For good measure I wanted to see if an alternative package would work, so I installed Playwright

pnpm install playwright 

// if you are installing playwright fresh you would need to get the binaries by executing: 

npx playwright install 

Change your checkPuppeteer.js code to below to check with Playwright:

import { chromium } from 'playwright';
import { writeFileSync } from 'fs';

(async () => {
    try {
        const browser = await chromium.launch({ headless: true });
        const page = await browser.newPage();
        await page.goto('https://example.com');
        console.log('Playwright launched successfully');
        writeFileSync('./log.txt', 'Playwright launched successfully', 'utf8');
        await browser.close();
    } catch (error) {
        console.error('Error launching Playwright:', error);
        writeFileSync('./log.txt', `Error: ${error}`, 'utf8');
    }
})();

Open the website on your browser. You would see that it takes a few more seconds to load because in the background the script is succesfully executing. Afterwards, you should see the dump on the screen showing it is succesful: image

All this works just fine on Xampp server, which was what I was using till recently.
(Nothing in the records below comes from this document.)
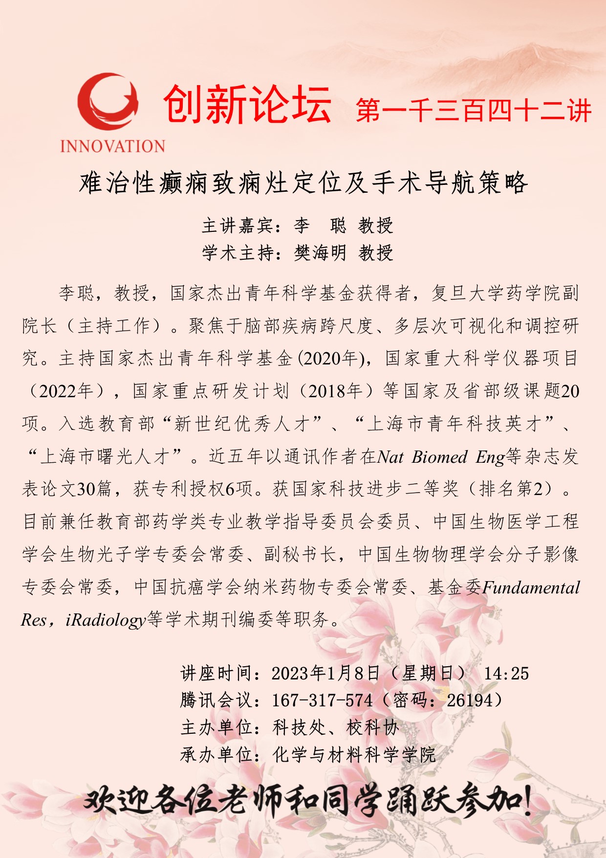李聪 教授 赢博官方(中国)总部创新论坛第一千三百四十二讲:难治性癫痫致痫灶定位及手术导航策略 讲座时间 2023年1月8日(星期日) 14:25 讲座地点 腾讯会议:167-317-574 讲座人介绍 李聪 教授 讲座内容
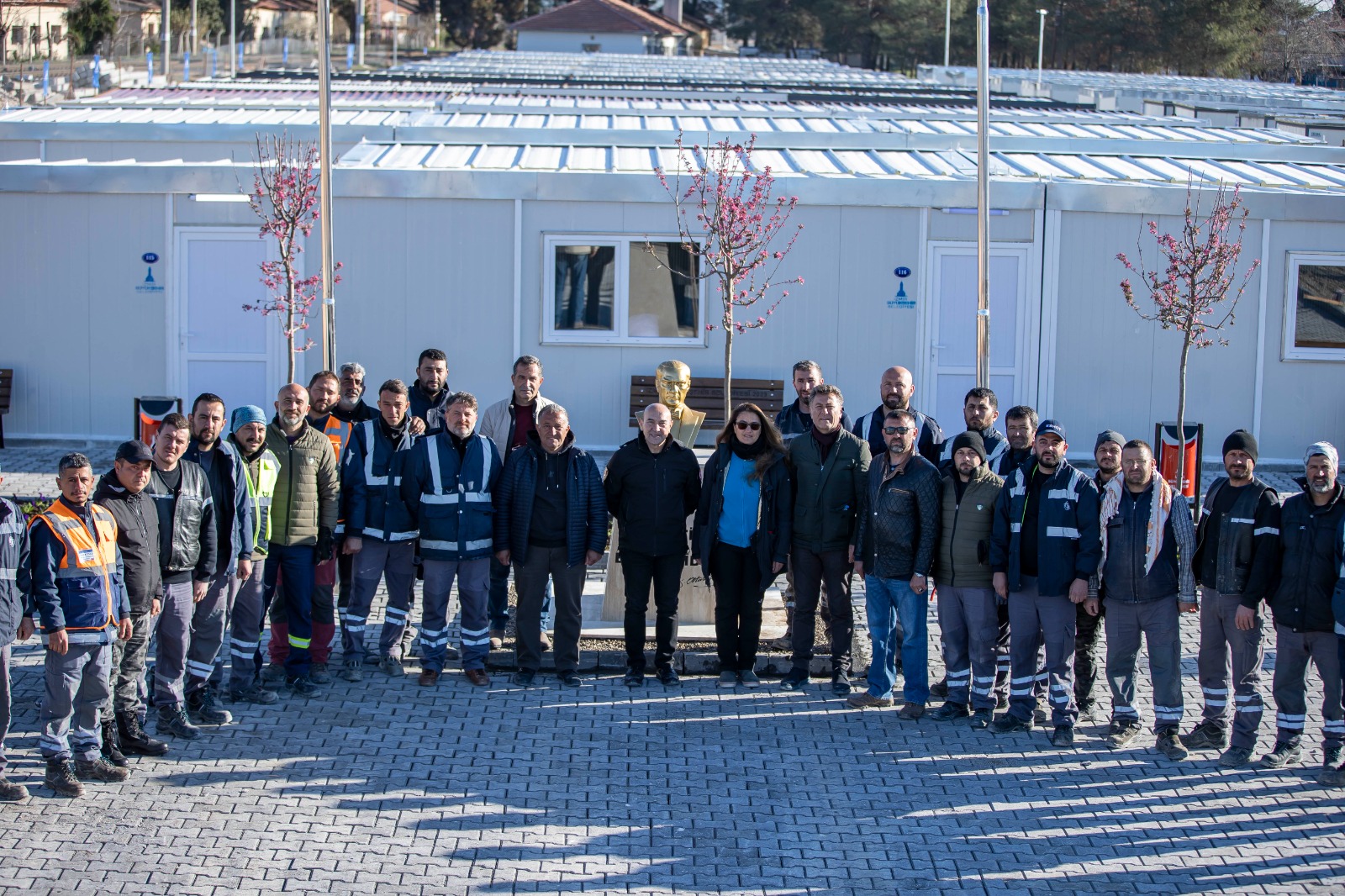 16 dönüm arazi üzerinde 232 konteyner için altyapı çalışmalarının tamamlandığını söyleyen İzmir Büyükşehir Belediye Başkanı Tunç Soyer, “120 tanesinin de montajı bitti. Tamamen iç tefrişi de tamamlandı. Pis su, temiz su altyapısı, şofben, mutfak, yataklar ve dolaplarıyla 120 konteynerimiz hizmet verecek. Geriye kalan 112 konteyner için de arkadaşlarımız hazırlıkları tamamladı. Her birine minnettarım. Her birine çok teşekkür ediyorum. Burada çalışmak İzmir'de çalışmaya benzemiyor. Koşullar çok daha ağır. Bütün bunları aşarak büyük bir vicdanla, yüce gönüllülükle bu işi yaptılar” dedi.
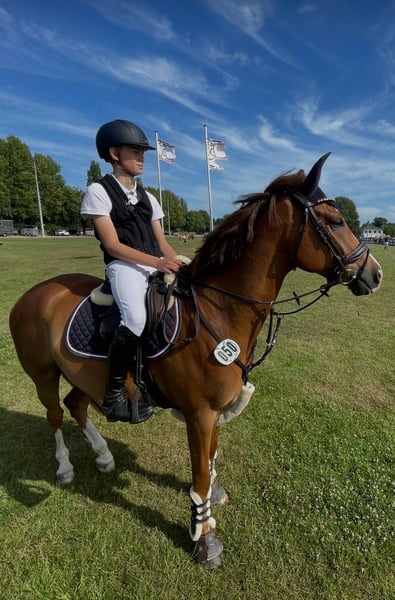 Gelding, 8 years old, 1.48 m Best show jumping pony lineage: Bünteeichen Ricardo x Scampolo This characterful pony gelding is looking for a new home with family integration. He is very people-oriented and loves children. He has been trained in jumping and has already gained some competition experience, having been presented up to A* level. He has 3 great gaits and is very pleasant to ride. He can easily be ridden by children. Currently, my son (13 years old) is riding him, but he is now transitioning to a larger horse. Additionally, he is receiving professional training. He is very well-behaved with the farrier and during loading. At present, he has two front shoes. He is fully vaccinated for competitions, regularly sees the dentist and farrier, and is also regularly checked by an osteopath and chiropractor. A current, extensive vet check including neck from 7/24 is available. No findings. He is absolutely herd-compatible and is rather submissive here. He has no problems with other horses. Videos can be sent upon request. 0178/1325330 Inquiries are welcome via WhatsApp. Trial rides are possible. Extensive equipment, such as 2 high-quality saddles and bridles, as well as various blankets, etc., can be purchased additionally.
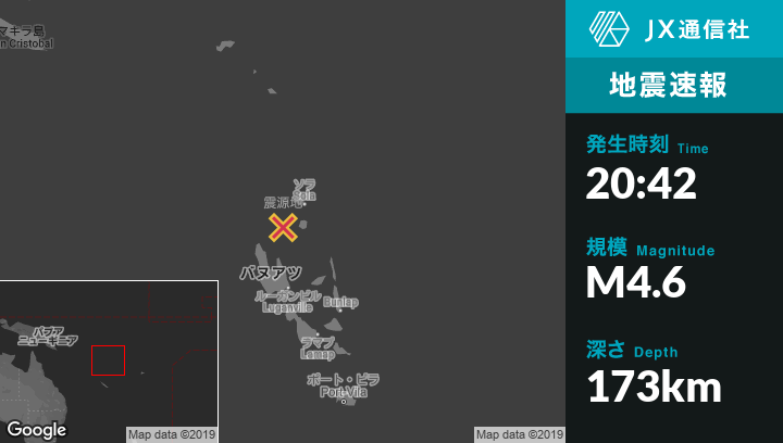 | 震源地 | バヌアツのSolaから南西60kmの地点 |

But after exploring Laravel Herd, I immediately wanted to make it my go-to development server. I subscribed to Laravel Herd Pro and was on my way to get everything sorted when this popped up, and it's been nagging me.

It may not be a major issue or something to do with my configurations. (I've tested the same on a frest Hyper-V Virtual Machine (Windows 11 with Windows ISO image)

Steps Taken

Why I am posting this: I love the simplicity of Laravel Herd and want to work with it in the future. This may be an edge case. But it forces me to go back and use Xampp or change the packages I currently use.

I may have missed some very simple solutions that could circumvent this error. So I'm all ears.

Relevant log output

""node" "D:\Sheep\nodetest2\public/checkPuppeteer.js" 2>&1"
array:21 [▼
  0 => "node:net:428"
  1 => "      throw new ErrnoException(err, 'open');"
  2 => "            ^"
  3 => ""
  4 => "Error: open EISDIR"
  5 => "    at new Socket (node:net:428:13)"
  6 => "    at process.getStdin [as stdin] (node:internal/bootstrap/switches/is_main_thread:224:17)"
  7 => "    at get (<anonymous>)"
  8 => "    at getOwn (node:internal/bootstrap/realm:202:5)"
  9 => "    at BuiltinModule.syncExports (node:internal/bootstrap/realm:377:31)"
  10 => "    at ModuleWrap.<anonymous> (node:internal/bootstrap/realm:357:17)"
  11 => "    at BuiltinModule.getESMFacade (node:internal/bootstrap/realm:362:17)"
  12 => "    at BuiltinModule.compileForPublicLoader (node:internal/bootstrap/realm:340:10)"
  13 => "    at loadBuiltinModule (node:internal/modules/helpers:101:7)"
  14 => "    at ModuleLoader.builtinStrategy (node:internal/modules/esm/translators:454:18) {"
  15 => "  errno: -4068,"
  16 => "  code: 'EISDIR',"
  17 => "  syscall: 'open'"
  18 => "}"
  19 => ""
  20 => "Node.js v21.5.0"
]
mpociot commented 1 month ago

I assume that this is somehow related to the way PHP resolves the node binary (and possibly other environment variables needed for executing this).

Could you try and re-run the same code in Herd but pass an absolute path to "node"?